__Collected data entries__

-- Opening Marker --

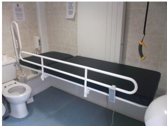
The couch when folded out
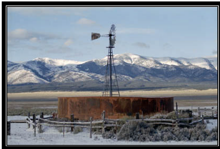
Windmill and Water Tank, Eastern Nevada
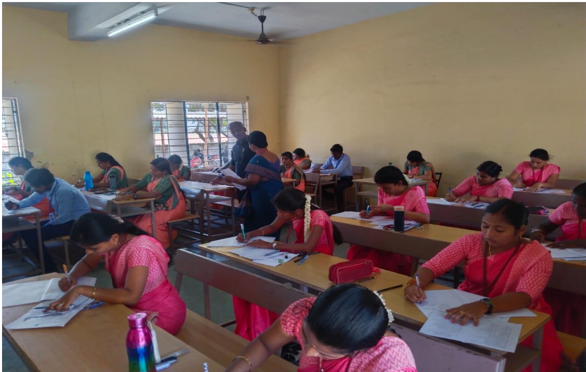
Tamil Nadu Teachers Education University B.Ed./M.Ed. Degree Examination, August 2023 was conducted at our college from 03.08.2023 to 14.08.2023.
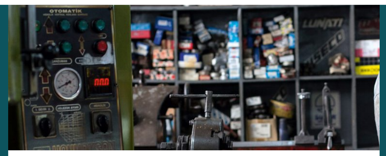
GOED Launches Plan to Offer Assistance to Small Businesses – Utah Leads Together Small Bu... MARCH 30, 2020
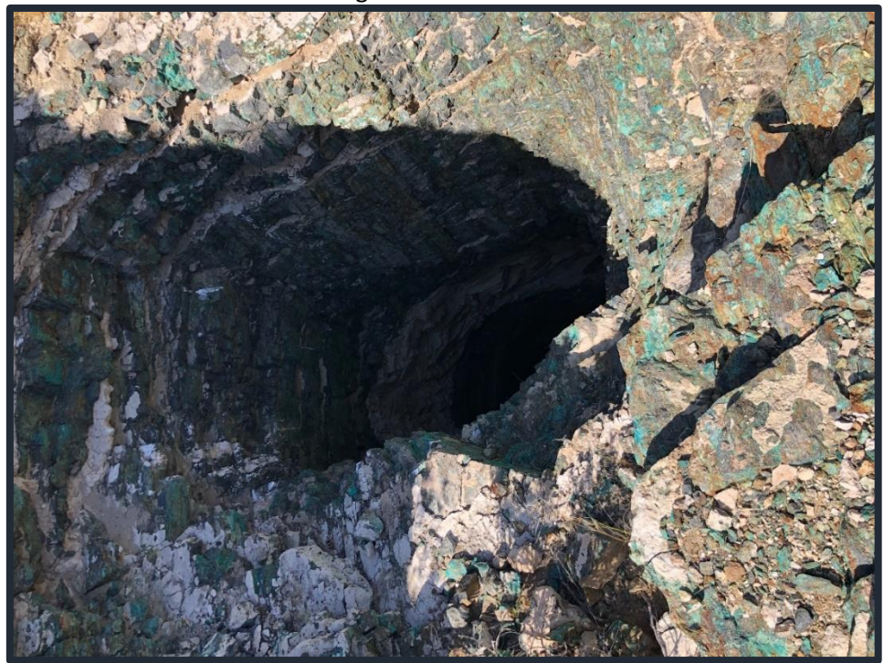
Figure 6: Example 1 of historical workings on the copper rich zones (oxides; chrysocolla, malachite and subordinate azurite whereas sulphides are chalcopyrite, bornite and chalcocite) hosted within the calc-silicates
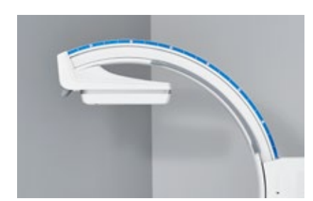
f) Mobile C-arm: FD from top, front to bottom

Note: The following workflow is based on the availability of fast-acting surface disinfectants and therefore works strictly from clean to dirty. If disinfectants with longer residence times are used, it may make sense for reasons of infection prevention to first disinfect surfaces near the patient and then the distant surfaces.
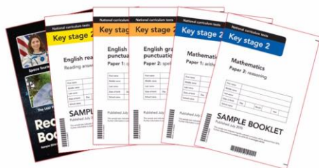
Key Stage 2 tests - 2017

We will be holding a meeting for all Parent & Carers with a child in Year 5 and 6 to explain the Key Stage 2 SATs and Teacher Assessments. This is where we will be able to explain how we have been preparing your child for the tests and how we plan to do so in the coming weeks. It also explains how you can support your child at home. We will be reminding you about the meeting at Parent Teacher Consultations.
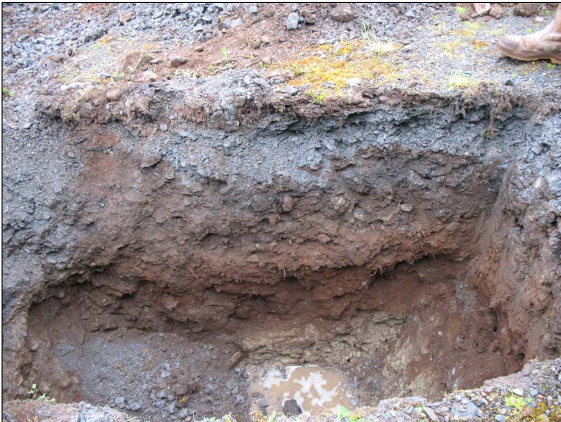
Figure 3b: Test Pit 1 – Soil Profile, E-Facing Section
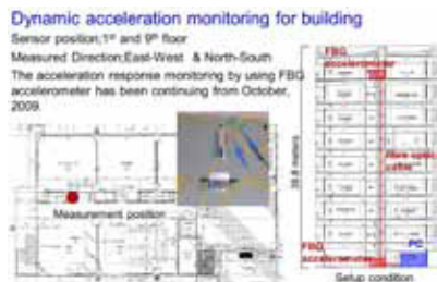
SHM system using FBG accelerometer in Toyohashi Tech.
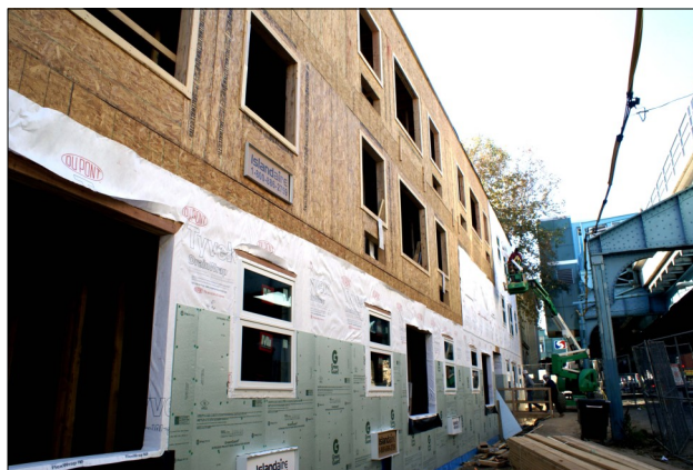
Progress of Rights of Passage Building Construction, taken November 3.

primarily been on waterproofing the building and installing the windows. The hope is to have the entire facility closed in before the temperature gets too cold. If you pass by the building right now, you will see that the entire building is wrapped in Tyvek and other waterproofing materials, and all

-- Closing Marker --

__EXERCISE DESCRIPTION__
Copy only the part of the records that runs from the first line to the line with "GOED Launches Plan", ends included, leaving pictures out.

__ANSWER BELOW__
The couch when folded out
Windmill and Water Tank, Eastern Nevada
Tamil Nadu Teachers Education University B.Ed./M.Ed. Degree Examination, August 2023 was conducted at our college from 03.08.2023 to 14.08.2023.
GOED Launches Plan to Offer Assistance to Small Businesses – Utah Leads Together Small Bu... MARCH 30, 2020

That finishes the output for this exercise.